TASK DATA Start Marker
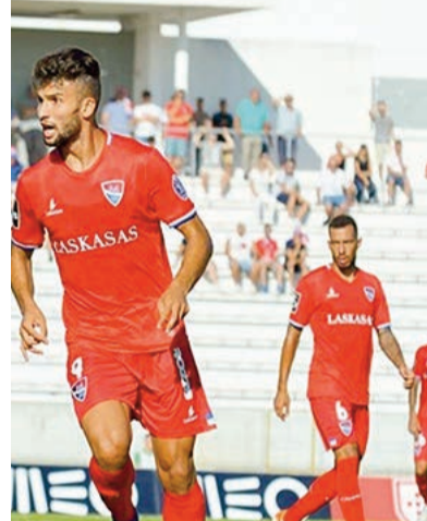
لفريق ينافس على الألقاب ويشارك في المنافسات القارية.

ورفض نعيجي، بحسب بعض المصادر، العودة من جديد إلى نادي بارادو، حيث أكد للمسؤول الأول عن هذا الفريق، أنه في حال عاد إلى الرابطة الأولى، فإنه يرغب في اللعب
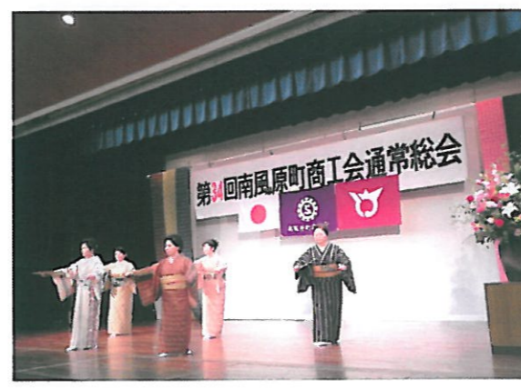
【余興：幕開け かぎやで風（商工会女性部員の皆さん）】
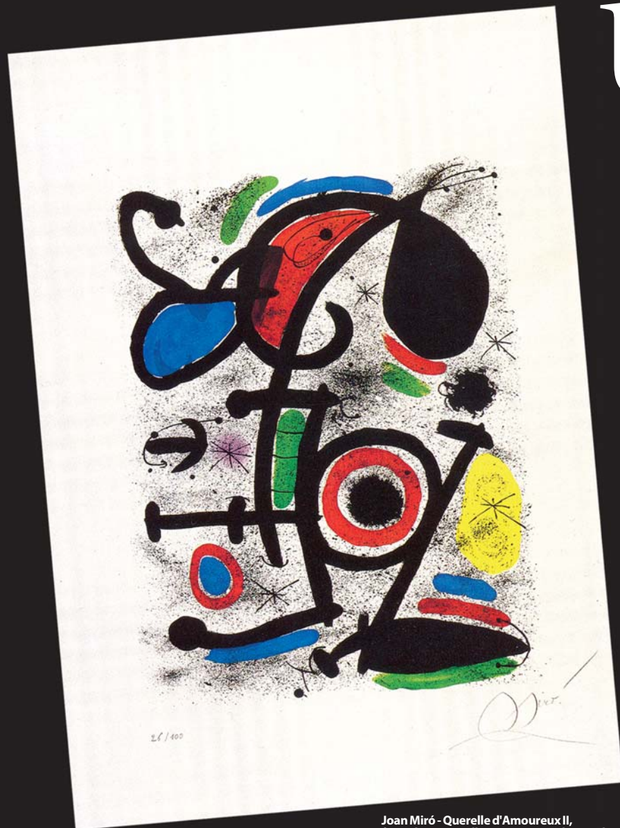
Joan Miró - Querelle d'Amoureux II, from the series Allegro vivace - Lithograph 1981 Edition of 100 - 90x60cm

A Fundação Edson Queiroz, em parceria com o Santander Cultural, do Banco Santander Banespa, traz à Universidade de Fortaleza a mostra !Mirabolante Miró. Depois de Porto Alegre, São Paulo e Niterói, Fortaleza recebe agora a exposição. São gravuras, litografias e xilogravuras do artista catalão Joan Miró, um dos mais importantes artistas plásticos do século XX. As obras fazem parte do acervo da Galeria Lelong, de Paris, responsável pela edição da quase totalidade das gravuras de Miró.
TASK DATA End Marker
EXERCISE DIRECTIONS:
Would you copy out, exactly and with no pictures, only the lines above from the one that contains "ورفض نعيجي، بحسب" through the one that contains "Joan Miró - Querelle"?

TASK SOLUTION:
ورفض نعيجي، بحسب بعض المصادر، العودة من جديد إلى نادي بارادو، حيث أكد للمسؤول الأول عن هذا الفريق، أنه في حال عاد إلى الرابطة الأولى، فإنه يرغب في اللعب
【余興：幕開け かぎやで風（商工会女性部員の皆さん）】
Joan Miró - Querelle d'Amoureux II, from the series Allegro vivace - Lithograph 1981 Edition of 100 - 90x60cm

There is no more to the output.